I also created a module for parsing both FuzzyDate and EventDate from strings - you can see the source code here on GitHub.

let date = Parser.readEventDate "19 Oct 1691 CE" //Outcome<EventDate>

Sorting dates

As I mentioned in the introduction my hypothetical app would need to be able to sort a series of events into chronological order. The vague nature of the dates and the mix of BCE and CE dates complicate sorting somewhat.

In order to support sorting of FuzzyDate I added the getSortValue function which returns an integer which can used when sorting - e.g. using Seq.sortBy. The value returned is the difference, in days, between the date provided and 1st Jan 1 BCE (the beginning of astronomical year zero). When dealing with partial dates a default value of 1 is simply used for the missing part(s) of the date so both Jan 1 BCE and 1 BCE become 1st Jan 1 BCE. The table below contains examples of the result of FuzzyDate.getSortValue,

Date Sort value
1 Jan 2 BCE -365
31st Dec 2 BCE -1
1st Jan 1 BCE 0
2nd Jan 1 BCE 1
1st Jan 1 CE 365

The method for calculating the number of days since 1st Jan 1 BCE for a date differs slightly depending on whether the date is BCE or CE. For CE dates we can simply sum the number of days since 1st Jan 1 CE and then add the number of days in 1 BCE.

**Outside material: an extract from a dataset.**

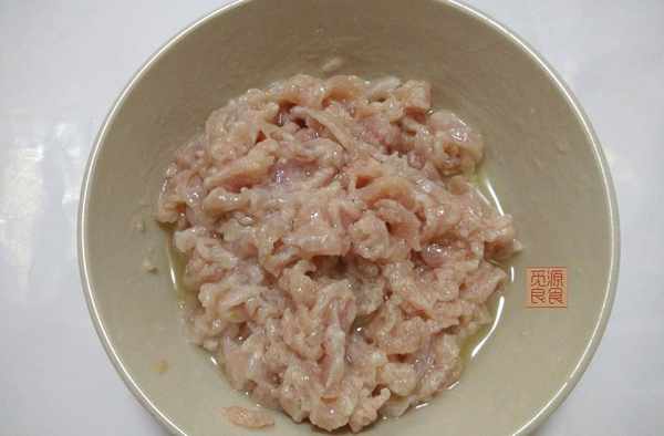 豬肉瘦肉洗凈,切成肉絲,放入碗中。肉絲為什麼要用生粉和色拉油醃制一下?水淀粉遇熱會變的粘稠很容易把肉絲包裹住,使肉絲在成熟的過程中水分少流失,這樣肉吃起來比較嫩。營養少流失。這是炒肉絲的時候在生肉絲上裹淀粉的作用

In the code below data is of type FuzzyDate.Data.

//The sum of all days to date in the CE era plus the number of days in 1 BCE
let dayCountCe = 
    [ 1 .. data.Year ]
    |> List.sumBy (fun year ->
            if (year = data.Year) then
                (Year.getDayNumber CE year month day) - 1
            else
                Year.getDayCount CE year
        )
in (dayCountCe + (Year.getDayCount BCE 1))

For BCE dates things are slightly different because the dates run "backwards" - i.e. 3 BCE comes before 2 BCE. For dates in 1 BCE itself we simply count the days as per the CE method. For any other year, Y, we sum the number of days in the the years between 2 and (Y - 1), if appropriate, add the number of days remaining in the year Y and add then 1 (because there are 0 days remaining in the year on 31st Dec, but we want the number of days to 1st Jan of the next year).

//Remember that BCE dates are backwards - e.g. 31st Dec 3BCE moves to 1st Jan 2BCE. 
[ 2 .. data.Year ]
|> List.sumBy (fun year ->
        if(year = data.Year) then
            (Year.getDaysRemaining BCE year month day) + 1
        else
            Year.getDayCount BCE year
    )

The result is then negated for dates prior to 1st Jan 1 BCE.

This value allows us to chronologically sort a series of FuzzyDate instances. To support chronological sorting of EventDate instances I added a corresponding getSortValue function which simply uses FuzzyDate.getSortValue to get a baseline value, converts it to a decimal and then tweaks it slightly so that the before, after and between cases are placed appropriately - e.g. "before 18 BCE" should appear in the sorted list before "18 BCE". The table below contains examples of the result of EventDate.getSortValue.

Date Sort value
Before 2nd Jan 1 BCE 0.9
On 2nd Jan 1 BCE 1.0
After 2nd Jan 1 BCE 1.1
Between 2nd Jan 1 BCE and 2nd Feb 1 BCE 1.1

In the code below data is of type EventDate.Data.

let getSortValue = _apply (fun data ->
    let date, adjustment = 
        match data with
        | Specific date -> (date, 0.0M)                                 //Absolute date
        | Before date -> (date, -0.1M)                                  //Just before events on date
        | Between (date, _) | After date -> (date, 0.1M)                //Just after events on date
    in (decimal (FuzzyDate.getSortValue date)) + adjustment
)

We now have way of sorting event dates chronologically, but there's a moderately sized elephant in the room: leap years. Several functions included in the snippets above requires us to be able to calculate leap years. So how are we doing that?

Leap years

Leap years exist because the astronomical year (i.e. how long it takes the Earth to do one orbit of the Sun) is not completely synchronised with the calendar year.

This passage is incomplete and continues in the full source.